# [Exercise details]
In your copy of the listing below, reproduce each word exactly and include no pictures.

[Opening Information shown section]

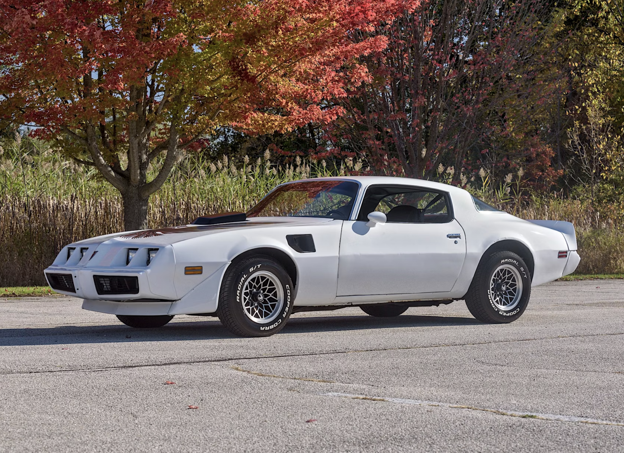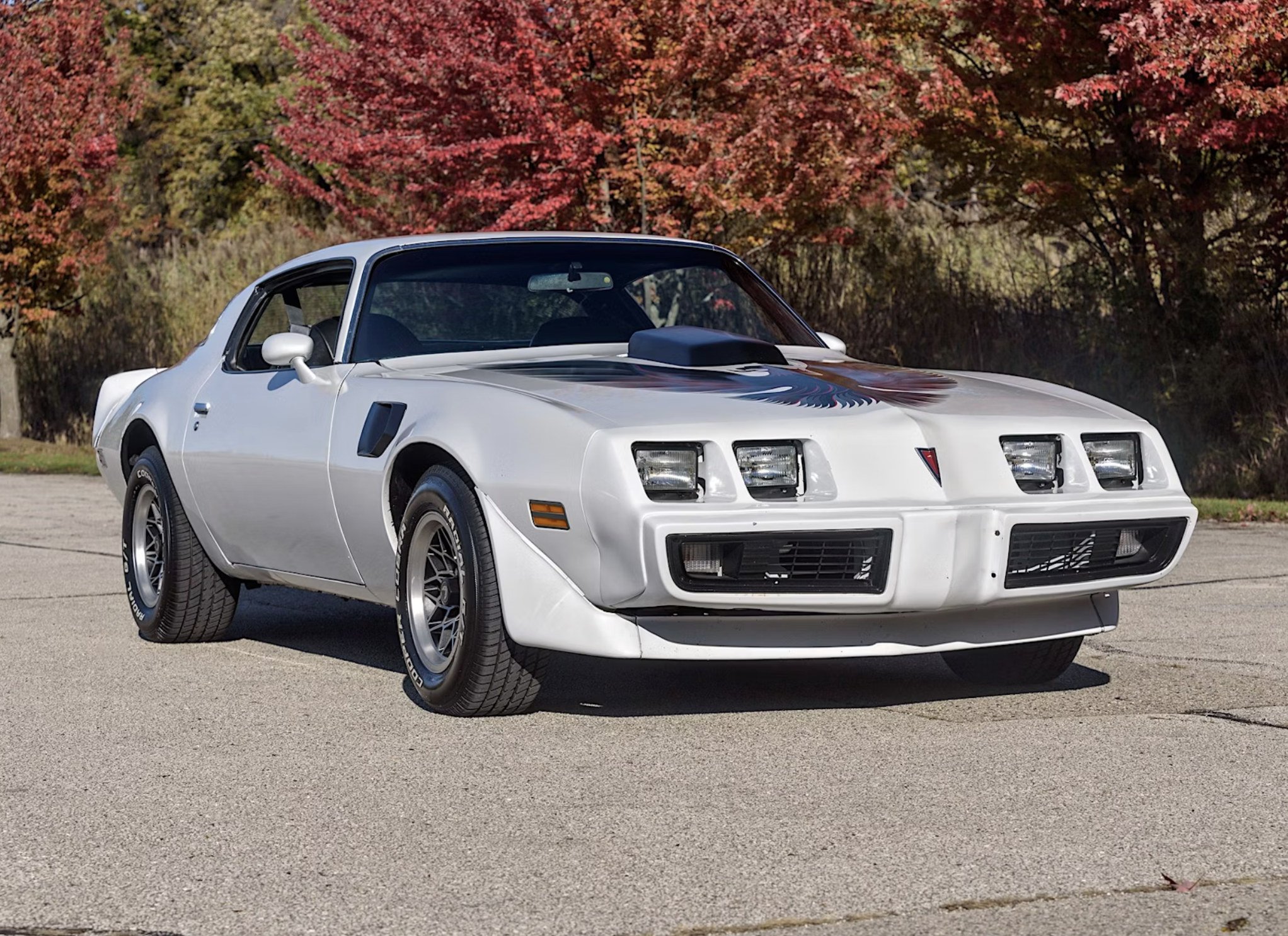 Originally built in Los Angeles and delivered with a 301-cubic-inch V8, the car has undergone a significant transformation under prior ownership. The blue factory finish was resprayed in white and accented with black graphics, including the unmistakable “screaming chicken” hood decal that became a pop-culture symbol after the Smokey and the Bandit films.
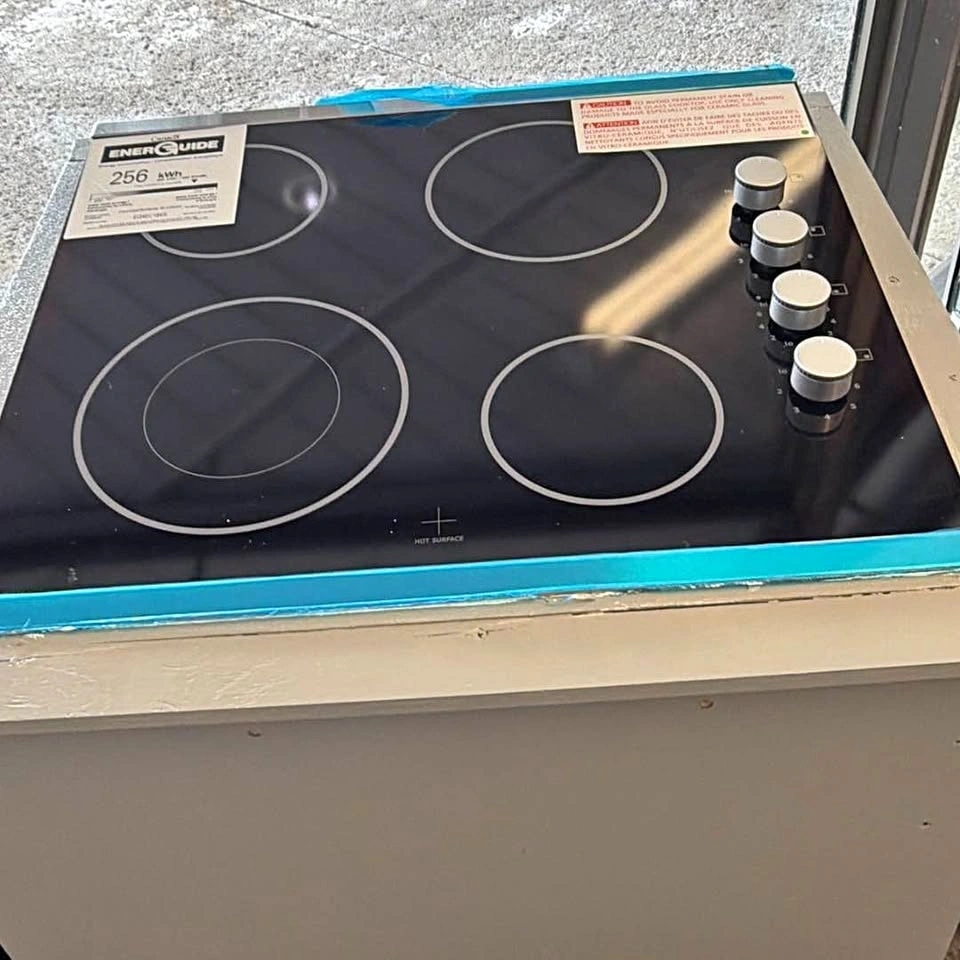 This is an electric stove and oven with a black glass cooktop featuring four burners and a stainless steel exterior. The oven also has a stainless steel exterior and a digital display. The unit is packaged with blue tape and includes EnerGuide labels. It comes with a 1-year warranty.
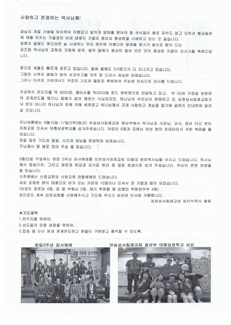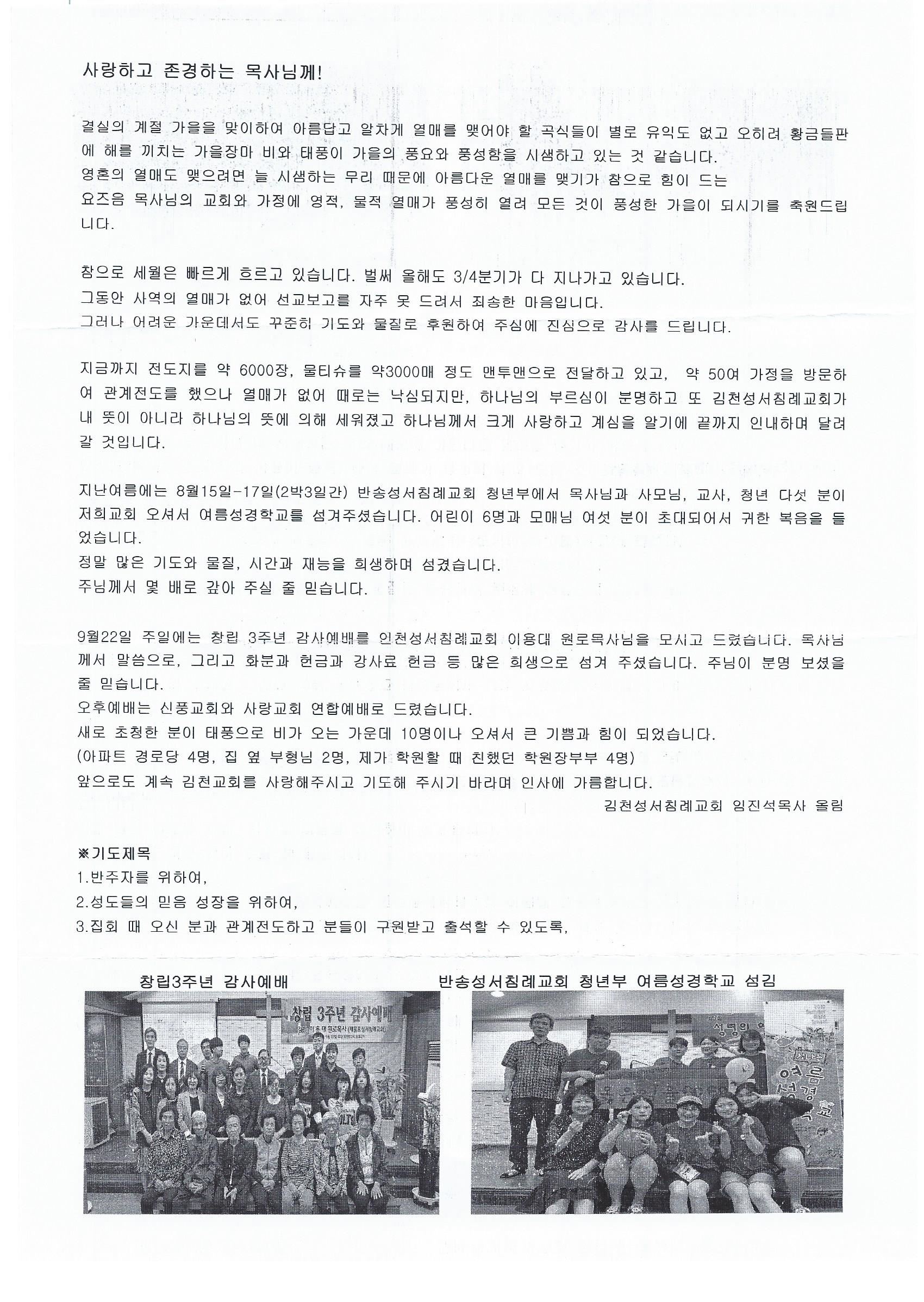 김천 - 2019년 9월 [김천성서침례교회 개척서신]
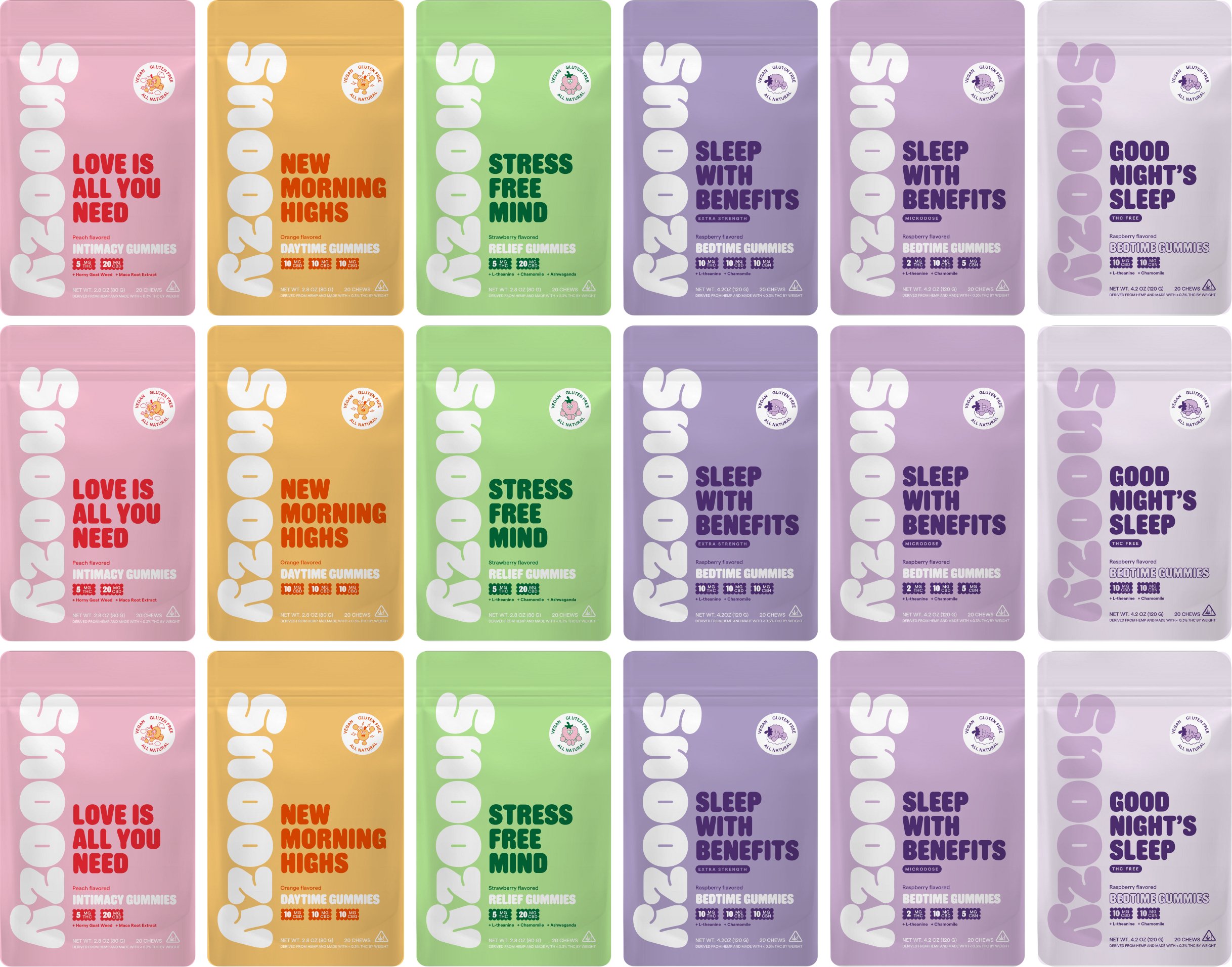 Крупная и округлая типографика, мягкие пастельные тона выделяют Snoozy среди конкурентов на полке. Все упаковки выполнены в едином стиле, что способствует узнаваемости бренда и создает ощущение целостной линейки продуктов.

[Closing Information shown section]

# [Task result]
 Originally built in Los Angeles and delivered with a 301-cubic-inch V8, the car has undergone a significant transformation under prior ownership. The blue factory finish was resprayed in white and accented with black graphics, including the unmistakable “screaming chicken” hood decal that became a pop-culture symbol after the Smokey and the Bandit films.
 This is an electric stove and oven with a black glass cooktop featuring four burners and a stainless steel exterior. The oven also has a stainless steel exterior and a digital display. The unit is packaged with blue tape and includes EnerGuide labels. It comes with a 1-year warranty.
 김천 - 2019년 9월 [김천성서침례교회 개척서신]
 Крупная и округлая типографика, мягкие пастельные тона выделяют Snoozy среди конкурентов на полке. Все упаковки выполнены в едином стиле, что способствует узнаваемости бренда и создает ощущение целостной линейки продуктов.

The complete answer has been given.